A situação se agravou quando Breno e seu pai são pegos de surpresa com uma ordem de despejo. De um dia para o outro, perderam o acesso ao local e passaram a ser pressionados para remover tudo que havia lá dentro em apenas uma semana.



A gente não tinha nem dinheiro para gasolina

Pai e filho conseguiram levar uma parte do acervo para Mairiporã (SP), mas, durante o processo, milhares de itens foram roubados. “Levaram todos os nossos 15 Ataris, todos nossos videogames, MSX funcionando, Dreamcast que eu tinha desde moleque”, conta Breno.

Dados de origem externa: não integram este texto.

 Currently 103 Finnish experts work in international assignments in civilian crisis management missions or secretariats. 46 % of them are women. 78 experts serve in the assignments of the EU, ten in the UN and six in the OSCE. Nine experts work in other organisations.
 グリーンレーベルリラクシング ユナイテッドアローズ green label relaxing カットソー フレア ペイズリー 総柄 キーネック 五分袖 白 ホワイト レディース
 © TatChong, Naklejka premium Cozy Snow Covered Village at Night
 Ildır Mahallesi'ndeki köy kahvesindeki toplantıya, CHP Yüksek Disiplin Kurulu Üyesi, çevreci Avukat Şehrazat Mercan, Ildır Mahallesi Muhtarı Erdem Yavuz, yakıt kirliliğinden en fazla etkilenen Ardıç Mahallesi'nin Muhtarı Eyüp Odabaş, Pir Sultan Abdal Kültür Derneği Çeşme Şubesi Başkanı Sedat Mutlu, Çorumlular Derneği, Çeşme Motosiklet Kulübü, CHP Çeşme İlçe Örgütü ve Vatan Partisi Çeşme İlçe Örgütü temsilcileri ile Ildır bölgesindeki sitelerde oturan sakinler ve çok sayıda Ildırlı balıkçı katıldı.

Itens históricos, como um equipamento usado na gravação de um disco do Roberto Carlos e um computador que controlou os semáforos da região central da capital de São Paulo entre as décadas de 1970 e 2000, doado pela CET, desapareceram.

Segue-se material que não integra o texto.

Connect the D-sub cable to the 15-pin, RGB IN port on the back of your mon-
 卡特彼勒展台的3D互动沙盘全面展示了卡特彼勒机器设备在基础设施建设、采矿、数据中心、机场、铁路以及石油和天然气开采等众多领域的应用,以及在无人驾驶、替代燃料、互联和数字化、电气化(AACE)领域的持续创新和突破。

Um acervo de mais de 2.000 caixas de produtos da antiga Brasoft, incluindo jogos e softwares, foram perdidos. Breno estima que 95% da coleção do museu acabou roubada ou destruída. “Ali deveria ter uns R$ 3 milhões em itens.”

Envolvido na criação de um pequeno museu no Instituto de Física de São Carlos, da USP, o professor Guilherme Sipahi afirma que a falta de interesse na preservação da tecnologia no Brasil é um problema cultural e histórico, “herança do nosso passado colonial” e relacionado à ideia do Brasil enquanto consumido, não fabricante.

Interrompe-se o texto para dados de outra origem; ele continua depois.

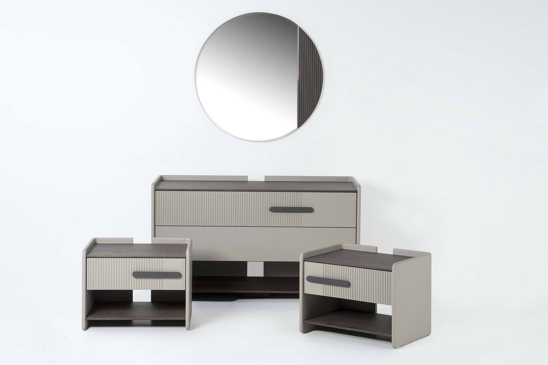 Συνδυάζεται άψογα με τα κομοδίνα της ίδιας σειράς, δημιουργώντας μια ενιαία, ισορροπημένη αισθητική στην κρεβατοκάμαρα.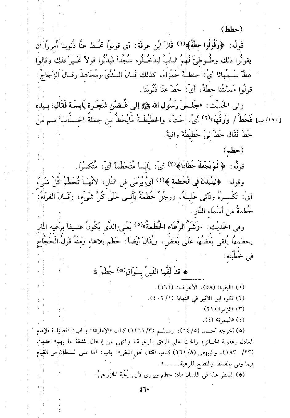 وفي الحديث: (وشر الرعاء الحطمة) يعني: الذي يكون عنيفًا برعيه المال يحطمها يلقي بعضها على بعض، ويقال أيضًا: حطم بلاهاء ومنه قول الحجاج في خطبته: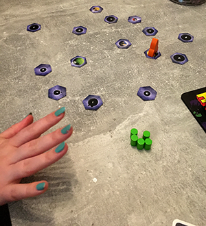 Die Ausgangsposition: Drei Planeten liegen offen am Tisch (warum drei, sagen wir weiter unten) und nur der aktive Spieler weiß, zu welchem die Rakete unterwegs ist. Er wird bei Contact „Quelle“ genannt, die Mitspieler sind die „Crew“. Die Quelle legt eine Hand auf den Tisch, hebt sie eine bestimmte Weile, setzt sie mit einem Klopfen wieder ab, hebt sie wieder, dieses Mal vielleicht länger, klopft wieder. Das kann sich mehrmals wiederholen. Damit signalisiert die Quelle die Flugroute. Jedes Klopfen bedeutet eine Zwischenlandung auf einem Planeten, die Dauer des Handanhebens soll den Abstand zwischen einzelnen Planeten beschreiben. Also: Kurzes Anheben = kurzer Flug von einem zum anderen Planeten, ei langes Anheben = da ist jede Menge Weltall zwischen den beiden Planeten.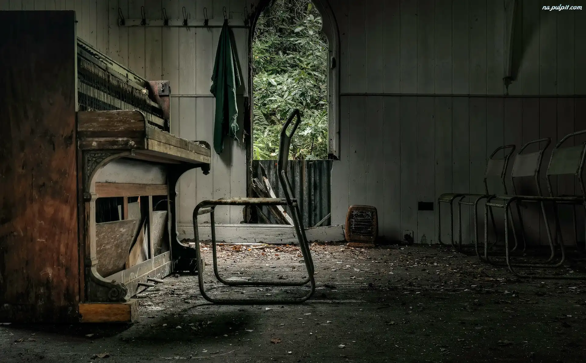 Krzesła, Zniszczone, Pianino, Stare, Wnętrze

“Qualquer conhecimento criado aqui é entendido como inferior, não tão bom quanto o importado”, afirma. “Não há uma política permanente de memória e acervo por parte do Estado.”

Nos EUA, o Computer History Museum, localizado próximo ao Vale do Silício, mantém desde 1980 uma forte cultura de valorização e preservação da tecnologia, com apoio e envolvimento de grandes empresas do setor.

“Não recebemos dinheiro do governo. Ele vem da venda de ingressos, locação do museu para a realização de eventos, como a reunião anual de acionistas da Tesla, e doações de pessoas ricas”, conta Dag Spicer, curador sênior do museu.

Com a saúde mental de José Carlos debilitada em função das crises, Breno é responsável atualmente pela direção do Museu do Computador, pensando já em um recomeço: conquistou recentemente uma parceria com a Microsoft, que lhe convidou para montar uma exposição em seu escritório na região da Vila Olímpia, em um espaço dedicado para demonstrar inovações e receber parceiros e clientes.

“A parceria é resultado de nossa convicção de que a preservação da história da informática no Brasil é vital para compreender o presente e orientar o futuro, em tempos de tantas transformações, como inteligência artificial e computação quântica”, diz Christiano Faig, porta-voz da Microsoft para imprensa no Brasil.

A companhia também deu a Breno acesso a equipamentos de áudio e vídeo de última geração para a gravação de um videocast do museu.

A ajuda, que pode trazer novas oportunidades e um aporte ao Museu do Computador, elevou a autoestima de Breno. “Agora, com um acervo menor, vou conseguir mais coisas do que quando tínhamos um acervo maior”, disse.